午前5時。冬の朝は、白むどころか真っ黒なままで、まったく音もしない。思いきりカーテンを引いて、出窓の下を覗きこむ。夜半にも「降るかもしれません」と言われていた雨は、まだ落ちていなかった。薄い街灯の光が、路地を青く照らしている。ギリギリまで整備を続けさせられて、平日よりも短い夜だったのに・・・妙に冴えた目覚めが不思議な気分だ。興奮しすぎて、ほとんど眠っていなかったのかもしれない。
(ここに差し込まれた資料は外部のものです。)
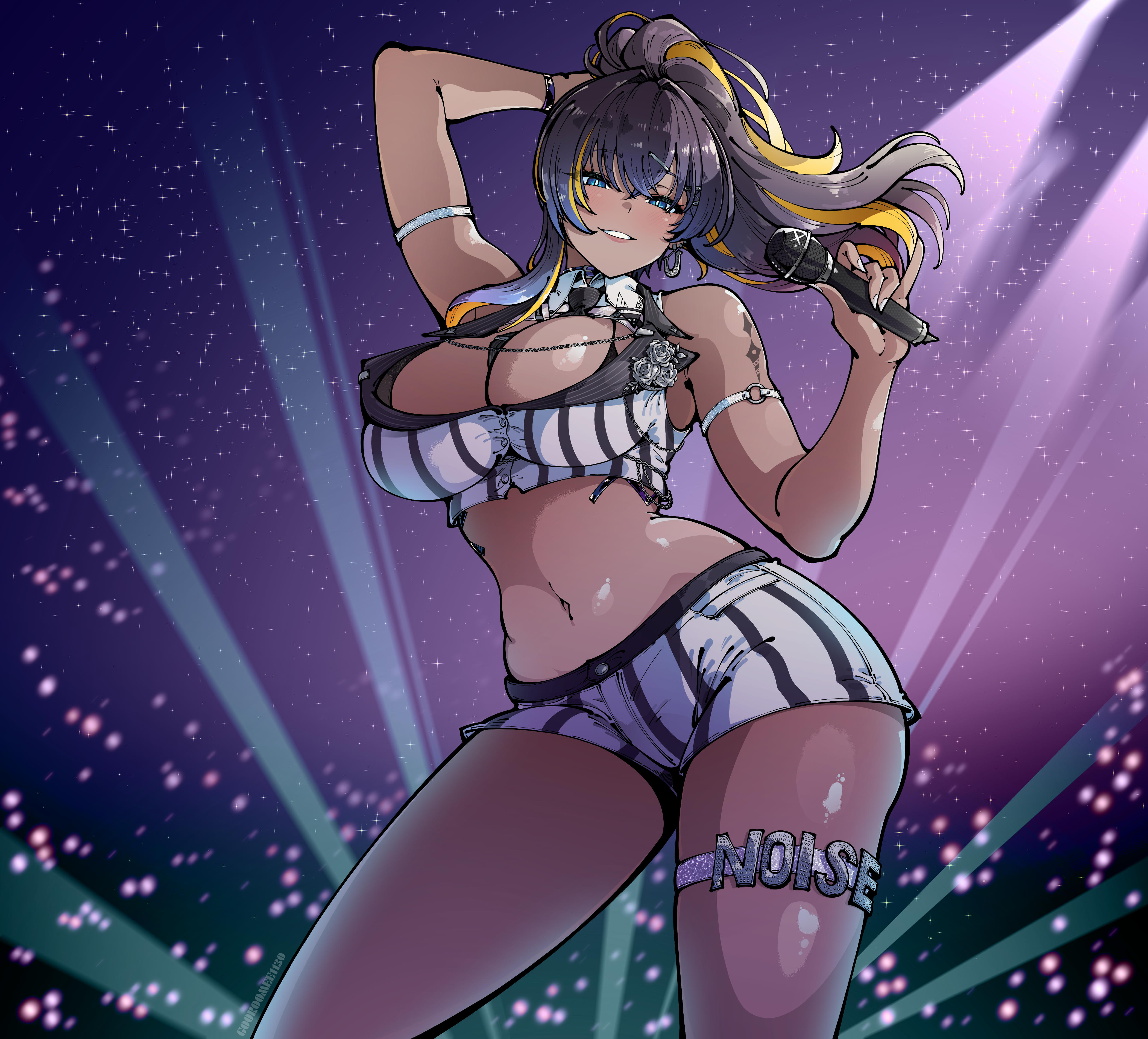 chigusa7h, scar (wuthering waves), wuthering waves, absurdres, commentary request, highres, 1boy, adam's apple, card, colored inner hair, crazy smile, cross, cross earrings, earrings, grey hair, hand on own neck, implied nudity, jewelry, looking at viewer, male focus, multicolored hair, open mouth, playing card, red hair, short hair, sideways, smile, solo, tacet mark (wuthering waves), tongue, tongue out, yellow eyes

オイルヒーターは点けっ放し。ゆるんだ居間の空気のなか、灯油ストーブの臭いが鼻をつく。手早く珈琲を淹れて、ガラスポットにティーバッグを2つ放りこんで、熱いお湯を注ぐ。いつもより1時間ほど早いせいか、玄関のシロもネロも、素知らぬふりで丸くなっている。着替えと散歩をすませて、残りの荷物をbongoに詰めて――5時50分、予定より5分遅れて、ヘッドライトを灯したBongoが県道にすべりだす。

これから向かう東の空、黒くたなびく雲の上に、明けの明星が大きく瞬いている。身を乗り出してフロントガラスを見上げると、雲は切れていて、薄い藍色の空に三日月が白々と浮かんでいた。ちょっと期待させてくれる、いい感じの夜明けだ。